→ WORK INSTRUCTION:
Keep the wording of every entry intact in your copy, and omit the pictures.

Dataset excerpts
--- START ---

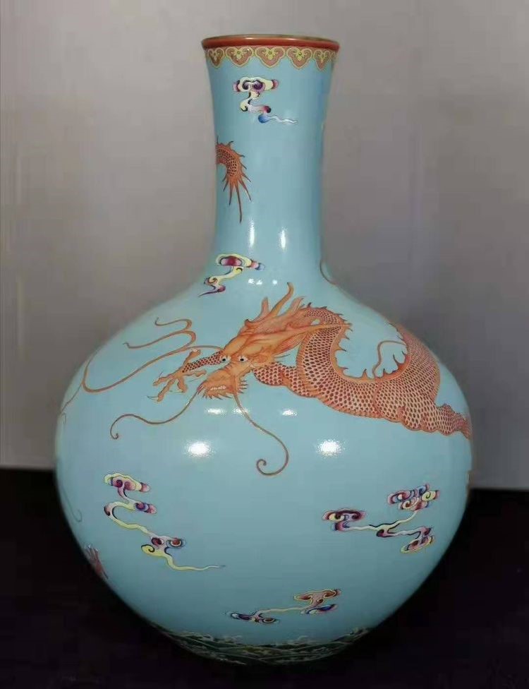 清*乾隆粉彩苍龙教子天球瓶,官窑(h49Cm)价值9000万元
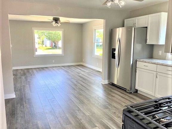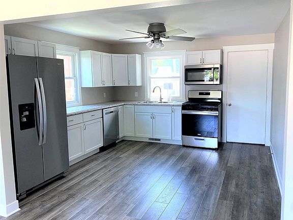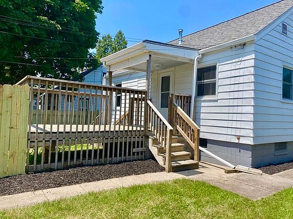 Updated 4 bedroom Cape Cod offers all new flooring, drywall (on the main floor), bath, kitchen, plumbing, electrical, light fixtures, fans, appliances and new central air. Furnace (3 years old), new privacy wood fence. New front porch. Roof (2014). 2 car detached garage with alley access. Broker owned.
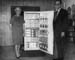 | 2001-51.508 | | A black and white photo of a man and woman flanking a freezer fully stocked with different flavors of ice cream. |
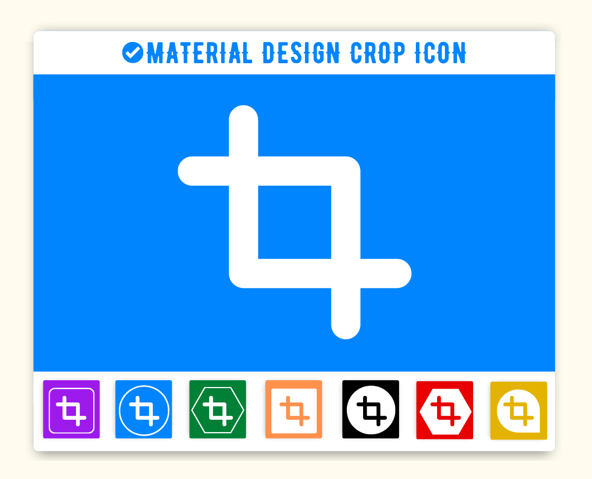 Crop Icon is given below. You can use this icon on the same way in your project. First make sure you have added Material Icon library. If this library is added just add the HTML css class crop to any element to add the icon. Material Design Crop Icon can be resized as per your need. You can manage size of icon(crop) by using font-size css style.
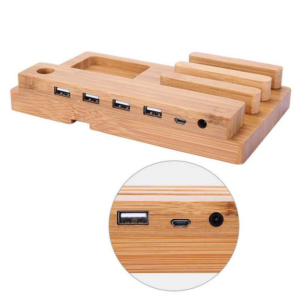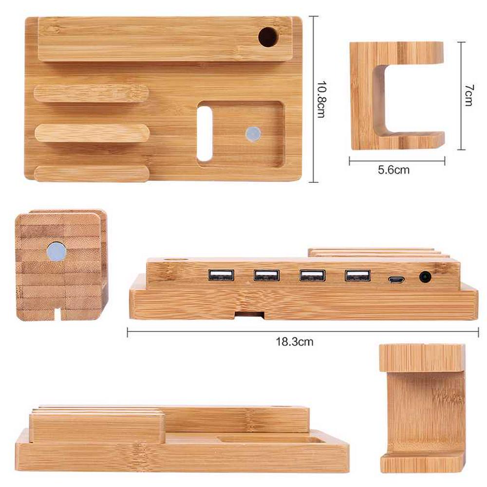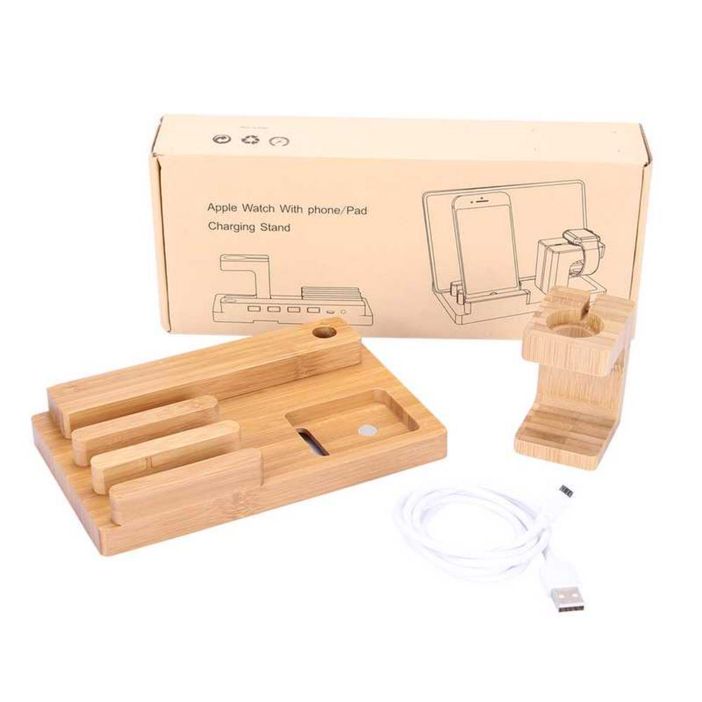 iWatch Mobile Phone Stand Holder Watch Bracket Tablet Charging Cable Storage Bamboo Change Dock

--- END ---

→ WRITTEN SOLUTION:
 清*乾隆粉彩苍龙教子天球瓶,官窑(h49Cm)价值9000万元
 Updated 4 bedroom Cape Cod offers all new flooring, drywall (on the main floor), bath, kitchen, plumbing, electrical, light fixtures, fans, appliances and new central air. Furnace (3 years old), new privacy wood fence. New front porch. Roof (2014). 2 car detached garage with alley access. Broker owned.
 | 2001-51.508 | | A black and white photo of a man and woman flanking a freezer fully stocked with different flavors of ice cream. |
 Crop Icon is given below. You can use this icon on the same way in your project. First make sure you have added Material Icon library. If this library is added just add the HTML css class crop to any element to add the icon. Material Design Crop Icon can be resized as per your need. You can manage size of icon(crop) by using font-size css style.
 iWatch Mobile Phone Stand Holder Watch Bracket Tablet Charging Cable Storage Bamboo Change Dock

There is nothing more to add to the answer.